*** INFORMATION SUPPLIED ***

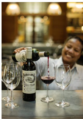
The Tasting Room
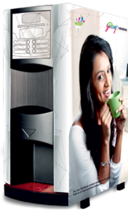
Dispenses 3 hot beverages or 6 recipes
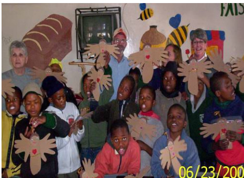
Many orphans were totally blessed by the team VBS. Thanks to all who contributed to this project!
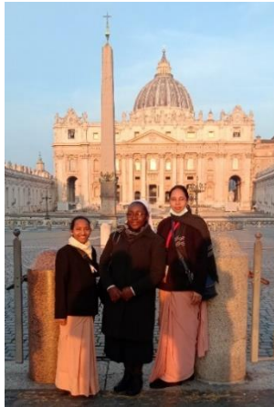
Three Holy Cross Sisters attending Formation Course in Rome

Ongoing formation helps the Sisters to deepen their spirituality and respond to the demands of the mission and challenges in the world.
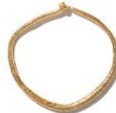
PHOENIX € 180

*** End of INFORMATION SUPPLIED ***

■ **EXERCISE DESCRIPTION**
All lines above that contain "Sisters" are required in the answer.

■ **YOUR SOLUTION**
Three Holy Cross Sisters attending Formation Course in Rome
Ongoing formation helps the Sisters to deepen their spirituality and respond to the demands of the mission and challenges in the world.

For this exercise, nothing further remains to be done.